Effects of pellet surface roughness and pre-oxidation temperature on CMAS corrosion behavior of Ti2AlC

Abstract Calcium-magnesium-alumina-silicate (CMAS) corrosion is a serious threat to thermal barrier coatings (TBCs). Ti 2 AlC has been proven to be a potential protection layer material for TBCs to resist CMAS corrosion. In this study, the effects of the pellet surface roughness and temperature on the microstructure of the pre-oxidation layer and CMAS corrosion behavior of Ti 2 AlC were investigated. The results revealed that pre-oxidation produced inner Al 2 O 3 layer and outer TiO 2 clusters on the pellet surfaces.

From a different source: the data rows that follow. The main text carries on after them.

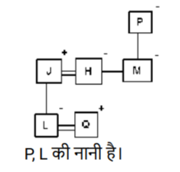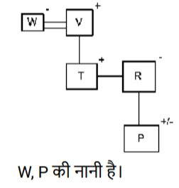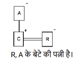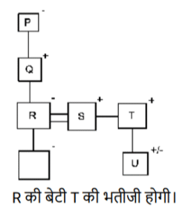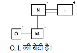रक्त सम्बन्ध (भाग-III)Total Questions: 5011. एक निश्चित कूट भाषा में, ‘A + B’ का अर्थ है ‘A, B की पत्नी है' ‘A – B’ का अर्थ है ‘A, B की बहन है' ‘A × B’ का अर्थ है ‘A, B की माता है' ‘A ÷ B’ का अर्थ है ‘A, B की पुत्री है [Higher Secondary 25/06/2024 (Shift - 4)]उपरोक्त के आधार पर, यदि ‘O − M ÷ N + L’ है, तो O का L से क्या संबंध है?(a) पुत्री(b) बहन(c) बहू(d) माताCorrect Answer: (a) पुत्रीSolution:12. एक निश्चित कूट भाषा में, 'M & N' का अर्थ है, ‘M, N की माँ है', 'M @ N' का अर्थ है, 'M, N का पुत्र है', 'M # N' का अर्थ है, ‘M, N की पुत्री है'। [Higher Secondary 25/06/2024 (Shift - 4)]उपरोक्त के आधार पर, यदि 'K & L & M # N @ O' है, तो L, O से किस प्रकार संबंधित है?(a) पुत्री(b) पुत्र की पत्नी(c) बहन(d) भाई की पत्नीCorrect Answer: (b) पुत्र की पत्नीSolution:13. एक निश्चित कूट भाषा में, A + B का अर्थ है 'A, B की माता है' A – B का अर्थ है 'A, B का भाई है' A × B का अर्थ है 'A, B की पत्नी है' A # B का अर्थ है 'A, B का पिता है' [Graduate Level 20/06/2024 (Shift - 3)]उपर्युक्त के आधार पर, यदि ‘W – V + T # R × S – P’ है, तो W का P से क्या संबंध है ?(a) भाई की पत्नी के पिता की माता का भाई(b) पत्नी के पिता की माता का भाई(c) पत्नी के पिता की माता का पिता(d) भाई की पत्नी के पिता की माता का पिताCorrect Answer: (a) भाई की पत्नी के पिता की माता का भाईSolution:अतः W, P के भाई की पत्नी के पिता की माता का भाई है।14. एक निश्चित कूट भाषा में, 'A + B' का अर्थ है कि 'A, B की माँ है', 'A − B' का अर्थ है कि 'A, B का भाई है', 'A × B' का अर्थ है कि 'A, B की पत्नी है', 'A ÷ B' का अर्थ है कि 'A, B का पिता है' [Graduate Level 20/06/2024 (Shift - 3)]यदि 'P + Q ÷ R × S − T ÷ U' है तो उपरोक्त जानकारी के आधार पर, R की पुत्री का T से क्या संबंध है?(a) भतीजी(b) भाभी(c) भतीजा(d) पिताCorrect Answer: (a) भतीजीSolution:15. एक निश्चित कूट भाषा में, A + B का अर्थ है 'A, B की माता है' A - B का अर्थ है 'A, B का भाई है' A × B का अर्थ है 'A, B की पत्नी है' A# B का अर्थ है 'A, B का पिता है' [Graduate Level 24/06/2024 (Shift - 3)]उपर्युक्त के आधार पर, यदि 'W × V #T - R + P' है, तो W का P से क्या संबंध है?(a) माता(b) बहन(c) नानी(d) मौसीCorrect Answer: (c) नानीSolution:16. R, Q का पुत्र है। M, B का भाई है, जो Q की पुत्री हैऔर P की माता है। M, R से किस प्रकार संबंधित है? [Graduate Level 24/06/2024 (Shift - 3)](a) भाई(b) पिता(c) भांजा/भतीजा(d) पतिCorrect Answer: (a) भाईSolution:17. आयुष ने नेहा से कहा, "मैं भले ही तुम्हारे पिता का बेटा हूं, लेकिन तुम मेरे भाई नहीं हो"। नेहा का आयुष से क्या संबंध है? [Graduate Level 25/06/2024 (Shift - 3)](a) पुत्री(b) सौतेली पुत्री(c) बहन(d) कजनCorrect Answer: (c) बहनSolution:18. एक निश्चित कूट भाषा में, 'A + B' का अर्थ है कि 'A, B की माँ है', 'A - B' का अर्थ है कि 'A, B का भाई है', 'A × B' का अर्थ है कि 'A, B की पत्नी है', 'A ÷ B' का अर्थ है कि 'A, B का पिता है'। [Graduate Level 26/06/2024 (Shift - 4)](a) साली(b) सास(c) साला(d) ससुरCorrect Answer: (d) ससुरSolution:19. L, Q की पत्नी है। P, M की माता है। J, L का पिता है। M, H की बहन है। J, H का पति है। P का L से क्या संबंध है? [SSC CPO 03/10/2023 (1st Shift)](a) मौसी(b) भांजा(c) नानी(d) बहनोईCorrect Answer: (c) नानीSolution:20. "M $ K" का अर्थ है कि "M, K की माता है"। "M # K" का अर्थ है कि "M, K का पिता है"। "M @ K" का अर्थ है कि "M, K का पति है"। "M % K" का अर्थ है कि "M, K की पुत्री है"। [SSC CPO 03/10/2023 (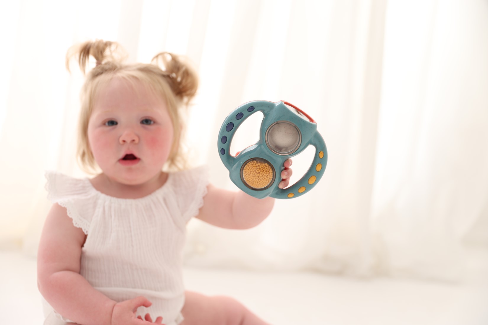 De rammelaar is makkelijk vast te houden en is geschikt voor de mond van je baby.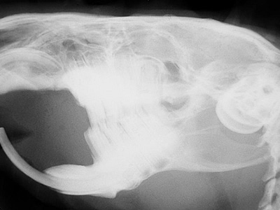 - Hier seht ihr das Röntgenbild eines Meerschweinchen-kopfes. (c) Dr. med.vet. Jochen Krüger www.tierzahn.de

The content of TiO 2 decreased with decreasing pellet surface roughness and increased along with the pre-oxidation temperature. The thickness of Al 2 O 3 layer is also positively related to the pre-oxidation temperature. The Ti 2 AlC pellets pre-oxidized at 1050 °C could effectively resist CMAS corrosion by promoting the crystallization of anorthite (CaAl 2 Si 2 O 8 ) from the CMAS melt rapidly, and the resistance effectiveness increased with the pellet surface roughness. Additionally, the CMAS layer mainly spalled off at the interface of CaAl 2 Si 2 O 8 /Al 2 O 3 layer after thermal cycling tests coupled with CMAS corrosion. The Al 2 O 3 layer grown on the rough interface could combine with the pellets tightly during thermal cycling tests, which was attributed to obstruction of the rough interface to crack propagation.